'Aşık olma yeteneğini kaybetme hastalığına tutuldum'
Nurgül Yeşilçay... Rol aldığı İran yapımı ‘Güzel Cin’ filminden, sektörün içinde olup da saklamayı ustalıkla başardığı özel hayatına kadar birçok konuyu Vatan Pazar'dan Burak Kara'ya anlattı.
cumhuriyet.com.trKendimi Sünger Bob’a benzetiyorum
Siz, üniversitede mesleğinizin eğitimini de almış bir oyuncusunuz. Yeni nesil oyuncu adaylarına ne tavsiye edersiniz?
Ooo çok enteresan bir soru. Bunun ucu herkese dokunur (Gülüyor) Televizyon, bilgisayar, sinema ve tiyatro farklı insan tiplerinin ve yaş gruplarının vakit harcaması için kullanılan araçlar. Her şey insanların güvenli bir şekilde vakit harcamalarına hizmet ediyor sadece. Hiçbiri birbirinden daha önemli değil. Buna da show business. Yeni nesil oyuncu adaylarına Sünger Bob’u izlemelerini tavsiye ederim ki ben kendimi bu dünyanın içinde biraz ona benzetiyorum. Her gün Bay Yengeç’in para kazanması için mutlu bir şekilde işe gider, işini önemser, mutlu olur. Bir okullu arkadaşlar var, bir de okullu olmayanlar. Okullu arkadaşlarda gözlemlediğim bazı mecraları diğerlerinden daha üstün görmeleri. Okullu olmayanlarınsa zeki olanları, bunun çalışmadan olmayacağını anlayıp işinde ilerliyor. Diğerleri de zaten kendiliğinden eleniyor. Ben her zaman seyirciyi kendi yerime koyup en iyisini sunmaya çalıştım onlara.
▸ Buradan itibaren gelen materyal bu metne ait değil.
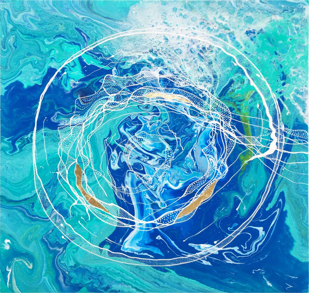 Dharma Mandala: Nucleus of the Mystic Sea | 30 x 31 inches | Acrylic, enamel, gold leaf on canvas | 2019 (Available to purchase US$ 595 | SOLD)Our lives wheel around the infinite Circle – floating in the cradle of the mystic sea. When we surrender in the ebb and flow of life’s intention, we allow ourselves to freely swim ‘round the Mandala – having to experience all emotional tides; feeling the ecstatic joy in moments of happiness; the blues when we are sad, yet allowing our tears to drop into the ocean’s embrace of deep loving-kindness. It’s all that is and let it be.

Güzel hayallerin içinde olmayı seviyorum
Bir yandan Atıf Yılmaz, Fatih Akın gibi yönetmenlerin filmlerinde oynarken, diğer yandan Özcan Deniz projesinde sizi görmek mümkün. Gişe filmi ve festival filmi, sizde hangisi hangi tatmini yaratıyor?
Yönetmen size bir hayaller gelir, size anlatır düşüncelerini. Siz kabul edersiniz ya da etmezsiniz. Ben güzel hayallerin içinde olmayı, güzel insanlarla beraber çalışmayı seviyorum. Gişe ya da festival filmi olması önemli değil. Filmi anlayıp ona göre oynamayı önemsiyorum. Her filmin dili, içeriği, anlatım biçimleri farklıdır çünkü ve bu benim bildiğim en büyük heyecan.
LAUBALİ OLMAYAN RAHATLIĞI SEVİYORUM
İkinci Bahar’daki Nurgül’den bugüne şöhret hayatınızda ya da kişiliğinizde neleri değiştirdi?
Çok daha çabuk olgunlaştırdı. Şakası yok, elinin ayarı da yok şöhretin. Evrene mesaj göndereceğime, kendime göndermeyi öğretti. Hayal kurmanın da bir donanım gerektirdiğini öğretti, öyle kafana göre hayal kuramazsın. Bir gün çıkıp soruyor hayat, ‘Sen bu hayali hak etmek için ne yaptın?’ diye. Sonra çalışırken ve hayata karşı öğrendiğim en önemli şeyi öğretti. Gergin olmayan ciddiyet, laubali olmayan rahatlık seviyorum ben.
Yeşilçam’da ‘dört yapraklı yonca’ çok meşhurdu. Sizi de Türkan Şoray’ın varisi olarak görüyorlar. Günümüzde dört yapraklı yonca olsa, diğer yapraklar kimler olurdu?
Bu benim için çok büyük bir onur. Türkan Hanım’ı çok seviyorum çünkü. Dört Yapraklı Yonca kendi zamanında çok güzeldi. Hepsi birbirinden değerli dört sanatçı ve hepimiz onlara saygı duyuyoruz. Ben soruyu biraz değiştirip yeni nesilden en beğendiğim oyuncuları söyleyeyim size... Mesela Hazal Kaya, Ayça Ayşin Turan ve Ecem Uzun. Bunların sektöre büyük katkı sağladığını düşünüyorum.
AŞKSIZ BİR HAYAT OLUR MU?
Oğlunuz artık yetişkin olma yolunda, ilişkiniz nasıl bir hal aldı bu dönemde?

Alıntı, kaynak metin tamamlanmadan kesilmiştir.